Write out the listing below character for character, though without its pictures.

Information supplied
#####

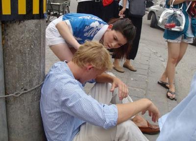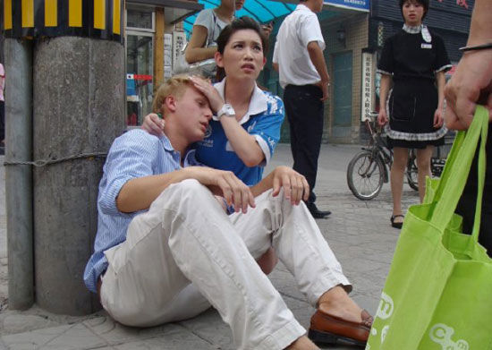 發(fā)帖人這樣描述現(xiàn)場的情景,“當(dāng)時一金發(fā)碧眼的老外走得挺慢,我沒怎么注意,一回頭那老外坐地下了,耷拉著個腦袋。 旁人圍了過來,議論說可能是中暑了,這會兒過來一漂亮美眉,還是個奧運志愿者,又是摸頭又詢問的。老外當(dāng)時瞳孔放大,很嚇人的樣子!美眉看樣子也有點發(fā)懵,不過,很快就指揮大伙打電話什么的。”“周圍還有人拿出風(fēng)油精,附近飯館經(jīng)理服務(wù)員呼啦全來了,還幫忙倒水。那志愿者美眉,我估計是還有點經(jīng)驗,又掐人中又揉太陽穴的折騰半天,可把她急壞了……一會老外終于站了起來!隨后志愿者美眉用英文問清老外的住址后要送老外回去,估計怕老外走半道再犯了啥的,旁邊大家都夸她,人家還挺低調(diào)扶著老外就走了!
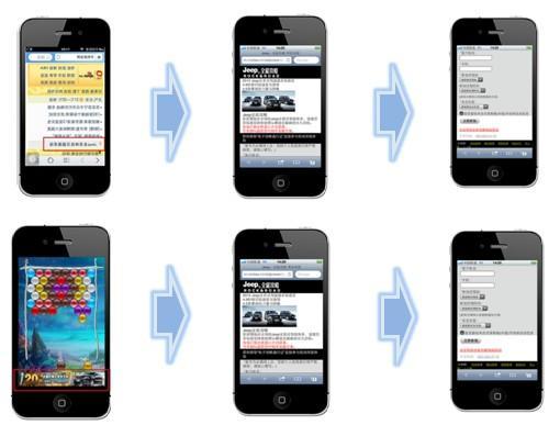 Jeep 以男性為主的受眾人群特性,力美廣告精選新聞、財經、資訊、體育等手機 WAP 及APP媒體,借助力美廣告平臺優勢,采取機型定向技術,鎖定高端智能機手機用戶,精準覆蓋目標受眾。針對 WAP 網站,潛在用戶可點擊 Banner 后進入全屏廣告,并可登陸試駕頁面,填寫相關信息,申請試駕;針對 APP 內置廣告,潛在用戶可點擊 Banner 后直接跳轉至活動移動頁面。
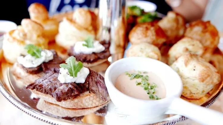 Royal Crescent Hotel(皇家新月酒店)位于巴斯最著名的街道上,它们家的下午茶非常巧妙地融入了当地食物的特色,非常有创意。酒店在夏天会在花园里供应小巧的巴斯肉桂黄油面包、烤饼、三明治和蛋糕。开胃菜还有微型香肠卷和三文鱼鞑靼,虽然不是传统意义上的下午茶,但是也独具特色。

#####

Solved problem
 發(fā)帖人這樣描述現(xiàn)場的情景,“當(dāng)時一金發(fā)碧眼的老外走得挺慢,我沒怎么注意,一回頭那老外坐地下了,耷拉著個腦袋。 旁人圍了過來,議論說可能是中暑了,這會兒過來一漂亮美眉,還是個奧運志愿者,又是摸頭又詢問的。老外當(dāng)時瞳孔放大,很嚇人的樣子!美眉看樣子也有點發(fā)懵,不過,很快就指揮大伙打電話什么的。”“周圍還有人拿出風(fēng)油精,附近飯館經(jīng)理服務(wù)員呼啦全來了,還幫忙倒水。那志愿者美眉,我估計是還有點經(jīng)驗,又掐人中又揉太陽穴的折騰半天,可把她急壞了……一會老外終于站了起來!隨后志愿者美眉用英文問清老外的住址后要送老外回去,估計怕老外走半道再犯了啥的,旁邊大家都夸她,人家還挺低調(diào)扶著老外就走了!
 Jeep 以男性為主的受眾人群特性,力美廣告精選新聞、財經、資訊、體育等手機 WAP 及APP媒體,借助力美廣告平臺優勢,采取機型定向技術,鎖定高端智能機手機用戶,精準覆蓋目標受眾。針對 WAP 網站,潛在用戶可點擊 Banner 后進入全屏廣告,并可登陸試駕頁面,填寫相關信息,申請試駕;針對 APP 內置廣告,潛在用戶可點擊 Banner 后直接跳轉至活動移動頁面。
 Royal Crescent Hotel(皇家新月酒店)位于巴斯最著名的街道上,它们家的下午茶非常巧妙地融入了当地食物的特色,非常有创意。酒店在夏天会在花园里供应小巧的巴斯肉桂黄油面包、烤饼、三明治和蛋糕。开胃菜还有微型香肠卷和三文鱼鞑靼,虽然不是传统意义上的下午茶,但是也独具特色。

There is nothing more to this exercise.